Keadaan ini sangat berpengaruh terhadap tingkat pelayanan yang ada, sehingga jika tidak
diimbangi dengan peningkatan prasarana transportasi yang memadai, maka dampak yang
diakibatkan adalah timbulnya masalah lalulintas seperti kemacetan, tundaan, kecelakaan, dan
permasalahan lingkungan. Seiring dengan pertumbuhan penduduk di kota Jayapura, dan juga
pertumbuhan pusat-pusat perekonomian masyarakat yang terus berkembang, nampaknya juga
berpengaruh terhadap kemacetan lalulintas. Salah satu contoh yang terjadi di wilayah kecamatan
(distric) abepura, yaitu ruas jalan raya abepura yang merupakan lokasi penelitian, Intensitas
kemacetan lalulintas pada ruas jalan tersebut cenderung terus meningkat.
Kemacetan dijalan raya tersebut diduga berhubungan erat dengan penggunaan lahan dan
perubahan tatagunalahan disepanjang ruas jalan raya tersebut, serta perkembangan wilayah
disekitarnya. Dalam konsep (land use transport) yang dimaknai sebagai hubungan timbale balik
tataguna lahan dan transportasi, dijelaskan bahwa antara keduanya terdapat keterkaitan satu dengan
yang lainnya. Penggunaan lahan dengan berbagai zona–zona peruntukan serta aktivitas didalam zona
maupun antar zona memerlukan transportasi.
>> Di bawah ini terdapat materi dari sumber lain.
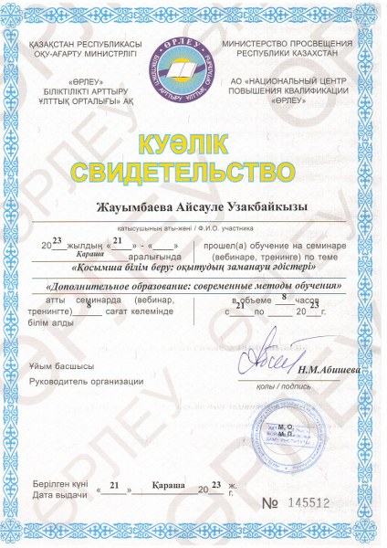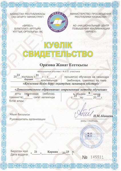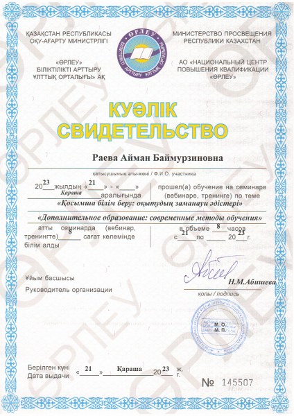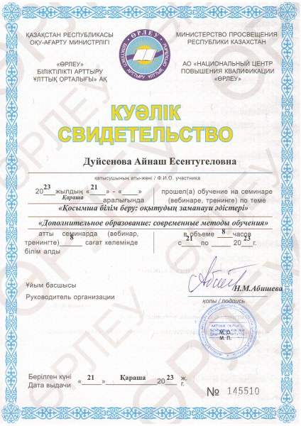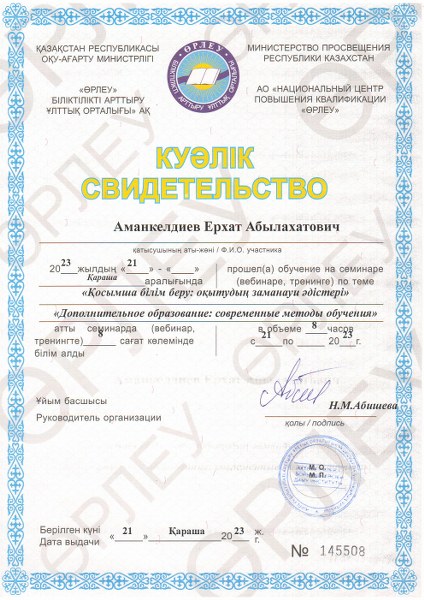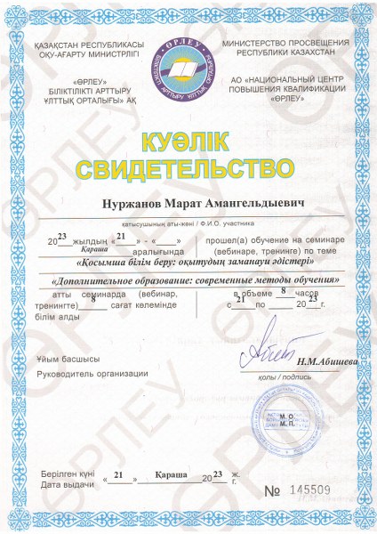 2023 жылдың 21 қарашасында орталықтың қосымша білім беру педагогтары «Өрлеу» біліктілікті арттыру ұлттық орталығы» АҚ өткізген «Қосымша білім беру: оқытудың заманауи әдістері» тақырыбындағы семинарға қатыстып, әдістемелік көмек алып куәлік иеленді.

Didalam konteks tersebut terjadinya interaksi akan menimbulkan pergerakan manusia, atau
pergerakan barang dalam bentuk pergerakan kendaraan sehingga menimbulkan bangkitan dan
tarikan (Tamin, 1997:90). Inilah salah satu alasan mengapa ada kebutuhan untuk lebih memahami
bagaimana mengukur kemampuan bersepeda di lingkungan TOD. Tingkat kemampuan bersepeda
yang tinggi akan meyakinkan pemerintah bahwa investasi infrastruktur mereka layak. Di sisi lain,
pemerintah daerah diharapkan dapat meningkatkan infrastruktur bersepeda di daerah yang kurang
dapat didaur ulang di sekitar node transit.